Investors are cautioned that, except as disclosed in the management information
circular or filing statement to be prepared in connection with the Qualifying
Transaction, any information released or received with respect to the Qualifying
Transaction may not be accurate or complete and should not be relied upon.
Trading in the securities of a capital pool company should be considered highly
speculative.


This news release discusses items that may constitute forward-looking statements
within the meaning of securities laws and that involve risks and uncertainties.

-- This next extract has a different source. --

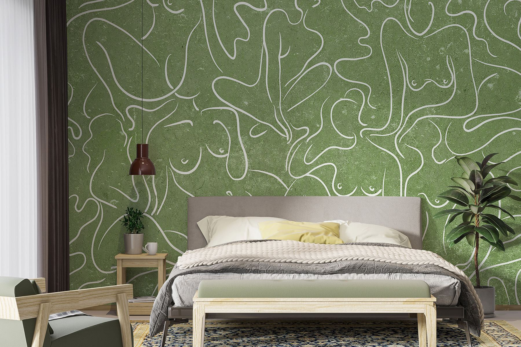 Představujeme vám nástěnnou malbu, která je jako hřejivé objetí pro jakýkoli prostor – představte si útulný kout proměněný ladnými obrysy žen, které se jemně vlní na měkkém zeleném pozadí. Tohle není jen dekorace, ale i zlepšovák nálady! Představte si, jak popíjíte čaj a jste ponořeni do myšlenek, zatímco tyto plynoucí postavy inspirují k tvořivosti a propojení. Přátelé si budou povídat o kráse a jednoduchosti toho všeho, zatímco vy si budete potají užívat komplimenty. Ideální do obývacího pokoje nebo klidné ložnice, vtáhne vás svým jemným šarmem a uměleckou atmosférou. Kdo by řekl, že nástěnné umění může působit tak lákavě?

Such statements include those with respect to the completion of the Qualifying
Transaction, the composition of Kanosak's management following the Qualifying
Transaction, the preparation of the geological report regarding the Property,
the funds to be raised in connection with the Private Placement and Kanosak's
business plans and operations following the Qualifying Transaction. Although
Kanosak believes in light of the experience of its officers and directors,
current conditions and expected future developments and other factors that have
been considered appropriate that the expectations reflected in such
forward-looking statements are based on reasonable assumptions, they can give no
assurances that those expectations will be achieved and actual results may
differ materially from those contemplated in the forward-looking statements and
information. Such assumptions, which may prove incorrect, include the following:


(i) the Qualifying Transaction will obtain all required regulatory approvals and
any applicable shareholder approvals, (ii) the Vendor's management will not
identify and pursue other business objectives following the Qualifying
Transaction, (iii) Kanosak will succeed in obtaining any necessary future
financing to fund its ongoing operations and work plans, (iv) no material
obstacles, technical or otherwise, will hinder Kanosak's operations following
the Qualifying Transaction and (v) the price of metals will remain sufficiently
high and the costs of advancing Kanosak's projects sufficiently low so as to
permit those corporations to implement their business plans in a profitable
manner. Factors that could cause actual results to differ materially from
expectations include (i) Kanosak's failure to make effective use of its
available funds following the Qualifying Transaction, (ii) the failure of
Kanosak's drilling projects for technical, logistical, labour- relations or
other reasons, (iii) the inability of the Vendor and Kanosak to obtain the
necessary approvals for the Qualifying Transaction, (iv)a decrease in the price
of metals below what is necessary to sustain Kanosak's operations, (v) an
increase in Kanosak's operating costs above what is necessary to sustain its
operations, (vi) accidents, labour disputes or the materialization of similar
risks, (vii) a deterioration in capital market conditions that prevents Kanosak
from raising the funds that it requires on a timely basis, (viii) an inability
or unwillingness of the Vendor or Kanosak to complete the Qualifying Transaction
for whatever reason, (ix) an inability or unwillingness of the individuals named
above to serve as directors or officers of Kanosak following the Qualifying
Transaction, (x) an inability to secure subscribers or obtain funds under the
Private Placement and (xi) generally, an inability of Kanosak to develop and
implement a successful business plan for any reason. These factors and others
are more fully discussed in the filings of the Vendor and of Kanosak with
Canadian securities regulatory authorities available at www.sedar.com.